The words explode in my mind, hot and furious. My paws dig into the floor, and my claws slide across the floorboards, scratching the surface as reality hits me hard.

No.

No.

No.

I must just be too exhausted, too weak to control my transformation back. I need to sleep. That's it... I just need to rest, recharge my batteries, and everything will return to normal.

The acrid smell of vomit permeates the small flat, a poignant reminder of the mess sprawled across the kitchen floor. There's nothing I can do in this form. At least the window is partially open, allowing fresh air to enter and carry away some of the unpleasant odour.

Gathering what little strength I have left, I stagger back to the kitchen and jump onto the sink. With effort, I turn the tap with my paws, and when the water starts to run, I wash them. Then I tilt my snout and swallow hastily, letting the liquid clean my throat and relieve the bitter taste on my tongue. I drink until I can't take it anymore, trying to fool my empty stomach for a few more hours.

I turn off the tap and jump back onto the floor, walking to the mattress, letting my exhaustion guide me. I curl up between the sheet and the pillow, adjusting my small body to the space.

As soon as I close my eyes, exhaustion envelops me completely, plunging me into a deep, dreamless sleep.

A single thought lingers, faintly, before everything disappears:

Tomorrow, everything will be alright.

***

I wake up with a start to the sharp, insistent sound of knocking on the door. My heart is already racing before I even hear the landlord's deep, impatient voice:

"I know you're in there, Sandra. The deadline to settle your debt has passed."

My mouth opens automatically to respond, but the sound that comes out is a high-pitched, desperate meow. My body freezes. Reality hits me like an icy blow, and the memory of the previous night comes back with full force. I'm still trapped.

I'm just a cat.

Anxiety rises like a tidal wave, flooding every part of me. I try to breathe, but my lungs burn as I hyperventilate. My fur is bristling, my claws pierce the sheet, and fear flows like an uncontrollable river through my system.

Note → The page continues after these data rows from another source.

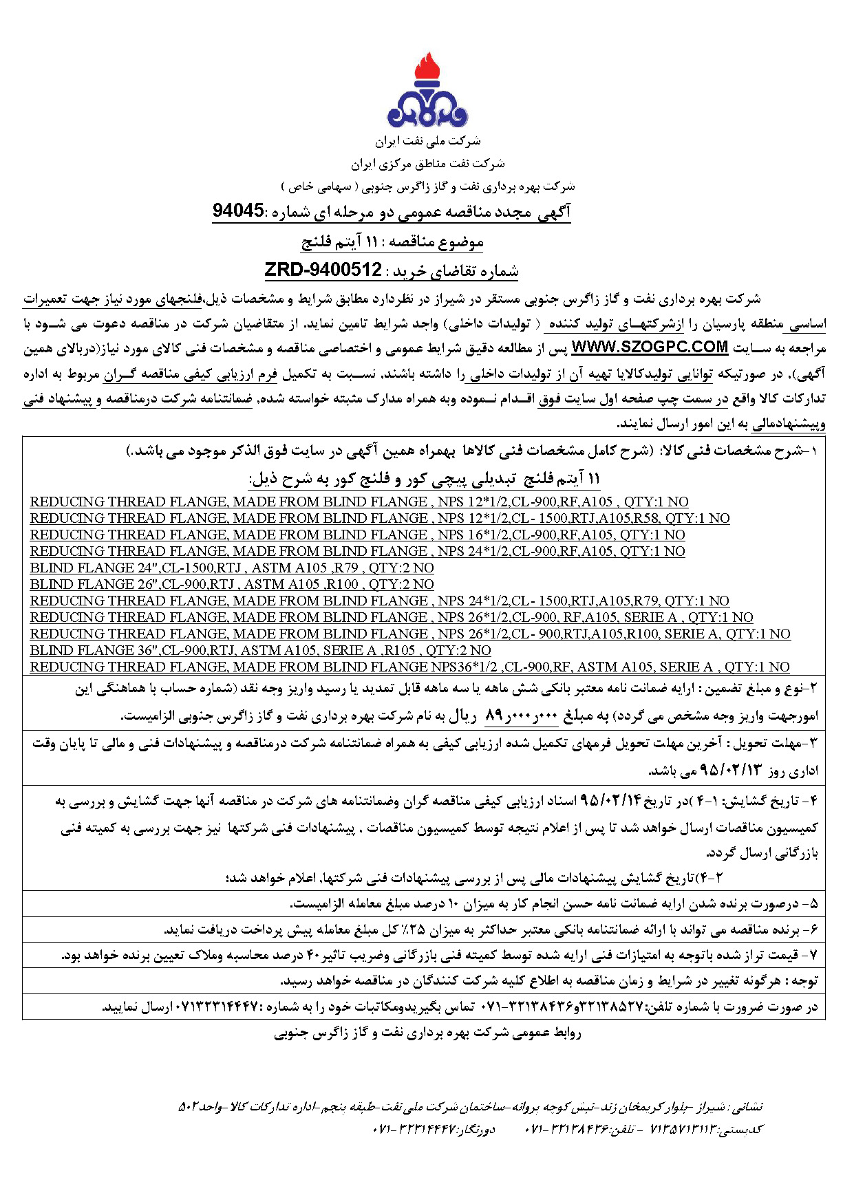 تقاضای خرید فلنجهای مورد نیاز جهت تعمیرات اساسی منطقه پارسیان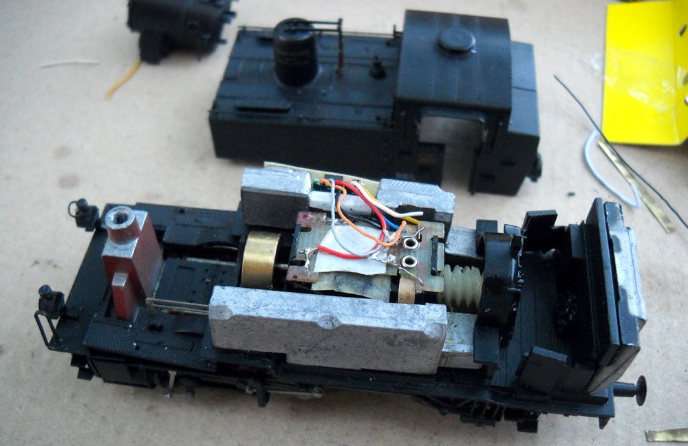 Ricollocazione della zavorra fresata e saldatura dei cavetti di alimentazione e cavetti motore dopo aver posizionato il decoder nella nicchia ricavata per fresatura.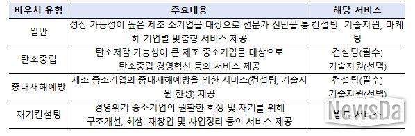 기업의 특성과 필요에 따라 4가지 유형(①일반, ②탄소중립, ③중대재해예방, ④재기컨설팅)으로 구분하며, 유형별로 기업 특성에 맞춘 3개 서비스(컨설팅·기술지원·마케팅)를 바우처 방식으로 지원할 예정이다.
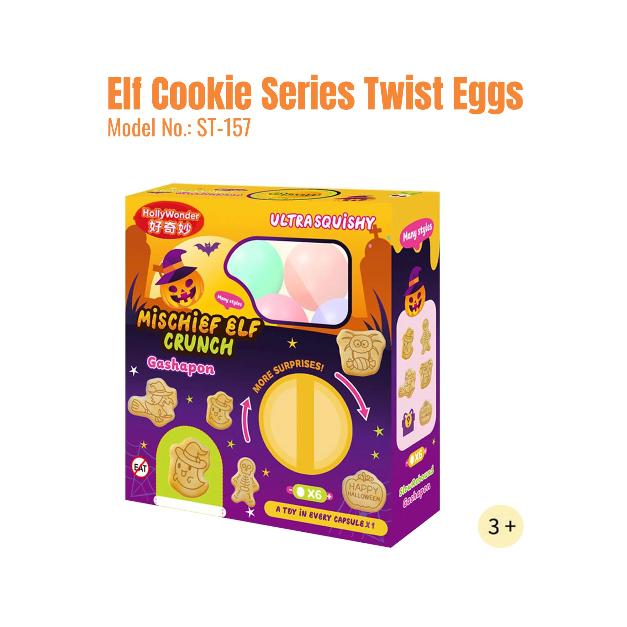 Elf Cookie Twist Eggs combine playful design, slow rebound PU material, and collectible surprise fun — ideal for party favors, classroom rewards, and Halloween treats. Each capsule contains one twist egg (43 × 42 × 22 mm) made of soft PU foam engineered for a satisfying slow rebound sensation. 🧸✨

"Shift," I command myself, trying to channel what I feel from my essence. I close my eyes and concentrate, but all I find is that same lock, allowing only a shred of power to pass through. Frustrated, I spin around in my own body, my mind in chaos as despair takes over.

"Consider yourself officially notified. You have thirty days to vacate the property." The landlord's muffled voice comes through the door, cold and impersonal, as he slides the eviction notice under it.

My head spins, searching for a solution.

Luther... He can help me. He's seen me in my feline form, he knows what I am. When he sees that I can't return to my form, he'll connect the dots and go after that witch to break the curse.

If I can make a call, even without saying anything, maybe he'll realise something's wrong and come to see me before we agreed.